I still think it was a stupid war. Bad waste of life. I – well you had asked immediately after the war on the previous question. Remember I’d mentioned I had worked for my uncle in Wyoming during some summers. As I was getting out of the army in the Washington DC area, I called him because I didn’t know what I wanted to do and I just kind of wanted to get away. So I ended up going to run a gas station in Red Desert, Wyoming for a year just to get away, but it was from there I decided to go to graduate school and all that stuff. So uh – yea my feelings are still – it was a horrible war on all sorts of sites. The people – maybe I already said this – that the people that lived there didn’t care who was in power. It made – it wasn’t important to them, it’s like the – I can’t remember – the chain of desires. You know you start out with all you want are the basics: food, water, that stuff. That’s where most of the people, the poor people living in Vietnam were. That’s all they cared about and after I got back for a number of decades at times, I would wake up in the night, I guess yelling and cussing and stuff. And it was usually – it usually took thirty, forty years to get rid of the memories and stuff, and some medicine. But now – now I know now I’m just kind of have let everything go. 
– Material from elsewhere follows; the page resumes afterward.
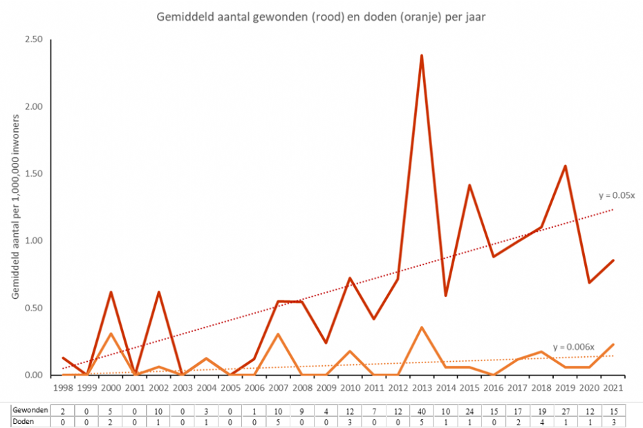 | | Grafiek - gemiddeld aantal gewonden en doden per jaar |
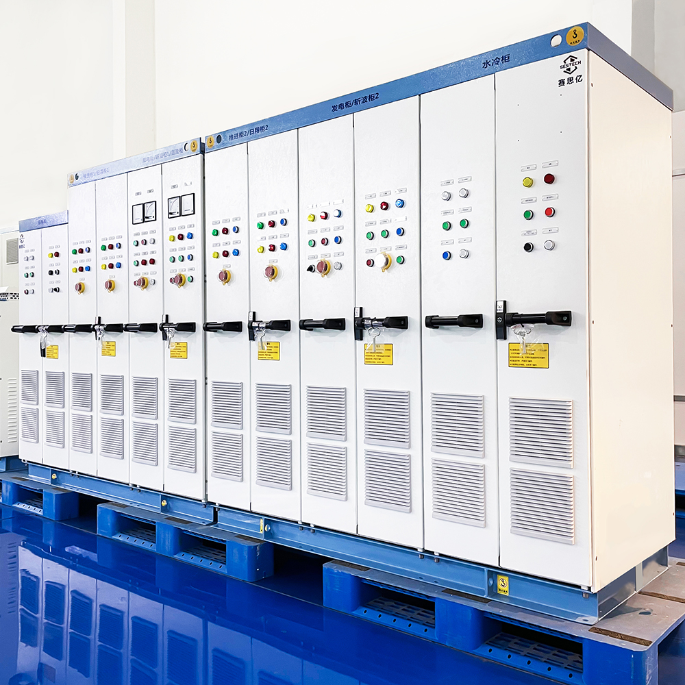 該游艇船長(zhǎng)20.77米,船寬6.10米,吃水1.21米,整個(gè)系統(tǒng)配置1臺(tái)120kW的應(yīng)急發(fā)電機(jī)組,2組245kWh的鋰電池組,經(jīng)過(guò)賽思億集中式的自主知識(shí)產(chǎn)權(quán)直流母線變頻電控設(shè)備進(jìn)行并網(wǎng),驅(qū)動(dòng)2臺(tái)120kW的主推電機(jī)。

Would you consider yourself having/had PTSD? 

I don’t know, I wondered myself. But I – I already get a is it a 20% VA disability because of exposure to Agent Orange for diabetes. Stuff like that but uh yea I think for a lot of people, it was hard to think you would have had something like PTSD. I don’t – I don’t think they called it that back then. So many many troops over there that went through much worse than I did. You know sometimes it you know – why should I be feeling that way when some of these are out in the boondocks getting ambushed and blown up and losing limbs and losing their life. I mean, I don’t know if that makes sense. In 1990, I ended up going and seeing a clinical psychologist because I was having some issues at work and it ended up – they diagnosed me with clinical depression and panic attacks. But I’ve been on medicine ever since then and different medicines. And right now, whatever I’m taking is doing really good. 

Have you visited the Vietnam War Memorial in Washington, D.C.? 

No, but I – they have a traveling version of it that was in North Carolina. I don’t know when that I went and saw. And there’s also – there’s a name on there that I know that was in the – he was in the same high school I went to. First name was Bruce, can’t think of his last name right now, but he was I think three years older than me. He was killed in Vietnam. 

What are your feelings towards the Vietnam War Memorial? 

I think it’s a good thing. I uh – it’s sad that we have to have memorials to wars and tragic events like that. But I think it’s a good thing to do especially for the, the relatives, the family, the friends of those. It’s a way to kind of remember them and feel good that other people remember them. So I’m – no matter who did it I’m positive about it.